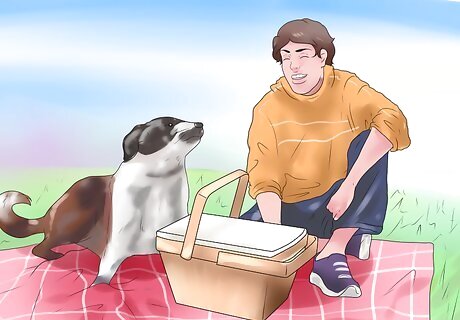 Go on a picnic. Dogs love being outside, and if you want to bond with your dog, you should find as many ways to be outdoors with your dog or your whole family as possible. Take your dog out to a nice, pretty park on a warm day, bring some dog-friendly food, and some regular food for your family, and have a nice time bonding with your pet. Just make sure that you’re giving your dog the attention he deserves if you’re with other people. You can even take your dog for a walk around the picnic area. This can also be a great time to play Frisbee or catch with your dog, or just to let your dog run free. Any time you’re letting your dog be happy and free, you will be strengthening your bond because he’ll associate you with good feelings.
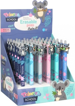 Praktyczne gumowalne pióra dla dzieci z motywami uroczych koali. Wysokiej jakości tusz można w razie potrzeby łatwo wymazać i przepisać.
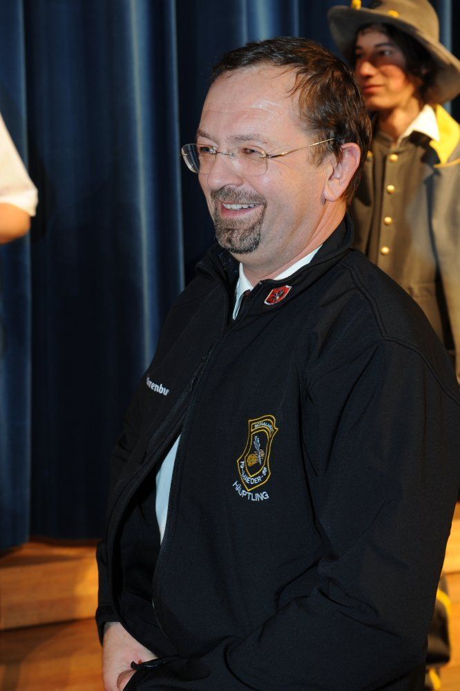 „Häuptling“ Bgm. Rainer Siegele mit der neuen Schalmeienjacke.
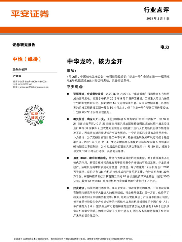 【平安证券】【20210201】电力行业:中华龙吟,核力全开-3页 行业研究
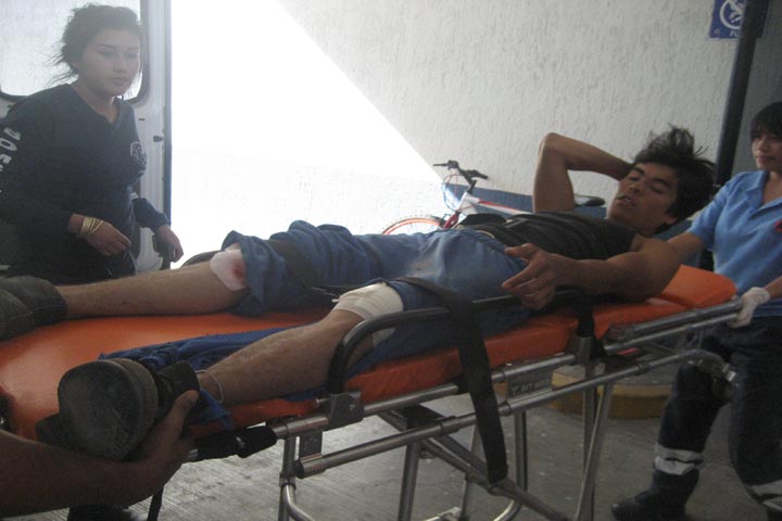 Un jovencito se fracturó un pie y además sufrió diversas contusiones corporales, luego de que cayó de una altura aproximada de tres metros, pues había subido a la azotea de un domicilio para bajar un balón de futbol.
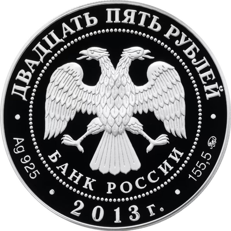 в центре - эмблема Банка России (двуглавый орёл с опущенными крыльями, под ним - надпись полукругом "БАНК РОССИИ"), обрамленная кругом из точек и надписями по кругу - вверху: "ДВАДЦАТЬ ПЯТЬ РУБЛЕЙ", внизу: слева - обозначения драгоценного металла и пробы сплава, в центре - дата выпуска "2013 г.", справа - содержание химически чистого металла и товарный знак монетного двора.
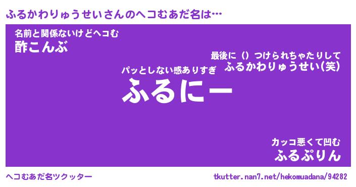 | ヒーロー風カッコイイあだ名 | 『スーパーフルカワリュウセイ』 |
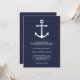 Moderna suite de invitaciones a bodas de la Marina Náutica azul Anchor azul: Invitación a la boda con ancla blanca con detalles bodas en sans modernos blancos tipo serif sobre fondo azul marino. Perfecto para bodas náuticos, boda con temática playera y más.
-------------------------
→ **Exercise**: The result should be every line of the data, reproduced exactly, with the images removed.

→ **Exercise solution**:
 Go on a picnic. Dogs love being outside, and if you want to bond with your dog, you should find as many ways to be outdoors with your dog or your whole family as possible. Take your dog out to a nice, pretty park on a warm day, bring some dog-friendly food, and some regular food for your family, and have a nice time bonding with your pet. Just make sure that you’re giving your dog the attention he deserves if you’re with other people. You can even take your dog for a walk around the picnic area. This can also be a great time to play Frisbee or catch with your dog, or just to let your dog run free. Any time you’re letting your dog be happy and free, you will be strengthening your bond because he’ll associate you with good feelings.
 Praktyczne gumowalne pióra dla dzieci z motywami uroczych koali. Wysokiej jakości tusz można w razie potrzeby łatwo wymazać i przepisać.
 „Häuptling“ Bgm. Rainer Siegele mit der neuen Schalmeienjacke.
 【平安证券】【20210201】电力行业:中华龙吟,核力全开-3页 行业研究
 Un jovencito se fracturó un pie y además sufrió diversas contusiones corporales, luego de que cayó de una altura aproximada de tres metros, pues había subido a la azotea de un domicilio para bajar un balón de futbol.
 в центре - эмблема Банка России (двуглавый орёл с опущенными крыльями, под ним - надпись полукругом "БАНК РОССИИ"), обрамленная кругом из точек и надписями по кругу - вверху: "ДВАДЦАТЬ ПЯТЬ РУБЛЕЙ", внизу: слева - обозначения драгоценного металла и пробы сплава, в центре - дата выпуска "2013 г.", справа - содержание химически чистого металла и товарный знак монетного двора.
 | ヒーロー風カッコイイあだ名 | 『スーパーフルカワリュウセイ』 |
 Moderna suite de invitaciones a bodas de la Marina Náutica azul Anchor azul: Invitación a la boda con ancla blanca con detalles bodas en sans modernos blancos tipo serif sobre fondo azul marino. Perfecto para bodas náuticos, boda con temática playera y más.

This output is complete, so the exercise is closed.